The broking house goes on to say that the merged entity is likely to be seriously in the play for the much-vaunted broadcast rights for cricket tournaments, notably the money-spinner Indian Premiere League, by far the richest cricket league in the world, as well as the rights for Indian national team’s games. “We are of the view that ZEE+Sony should be using its balance sheet strength to acquire either IPL or ICC India cricket series rights (both currently with Star India) as that would play a critical role in the face-lifting its OTT platform and improving monetisation capabilities for existing and potential non-sports content,’’ says Emkay’s report.

‘‘The market is very competitive. There is always the fear of being sold or being bought out even for big companies like Sony. A few months back only Sony was in talks for a merger with Reliance’s Viacom network of Colors. It also considered merging with Zee at that time but since the Reliance merger was already in talks, Sony did not pursue Zee,’’ a Sony insider tells Media India Group.

‘‘The growth in this market is after a point becomes stagnant and but you need to keep moving forward. Sony lacks the regional reach that Zee has. In Hindi, Star with its channels has the highest weekly viewership with 31.5-32.5 pc, while Zee is second placed with about 18 pc and Sony is further behind with 13 pc. The combined entity will be able to compete for advertising revenues through their greater combined viewership.

Another gain for Sony in the merger is the very rich repertoire that Zee boasts of in music as well as films, segments where Sony has been weak and failed to make adequate investments in the past. “With the large music and films’ libraries that Zee brings along with it, we would have a plethora of options for providing the user with entertainment choices,’’ adds the Sony insider.

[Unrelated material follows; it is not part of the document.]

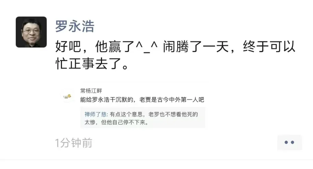 西贝贾国龙与罗永浩线上之争持续受到关注。 1月16日21时50分许,新黄河记者从知情人士处确认,@罗永浩的十字路口 以及@西贝贾国龙 两个账号均被禁言。 随后,新浪微博CEO王高飞通过个人微博@来去之间发布最新消息: 以后想论战,应该还是需要通过媒体采访的方式来进行。 1月16日晚,在贾国龙发表相关公开信后,罗永浩在朋友圈最新发文,“好吧,他赢了。闹腾了一天,终于可以忙正事去了。”

The competition is bound to increase with two of the top three players in the GEC market joining forces. All the players in this sector are trying to get the bigger share of the pie by hook or by crook. “With only three behemoths in the market, and two joining houses makes us the strongest player in the GEC category. Talking of sports Star has the lucrative rights for cricket. Sony and Zee, with their combined pockets, will be making a play for it. This will help us build our OTT platforms as well. With the coming of OTTs, TV channels have witnessed a decline in viewership and this decline will continue further as OTT offers flexibility which normal television can’t offer. If we get the rights for cricket then this will be a major boost for us in especially in raising the viewership and getting active subscribers for the OTT platform,” says the Sony employee.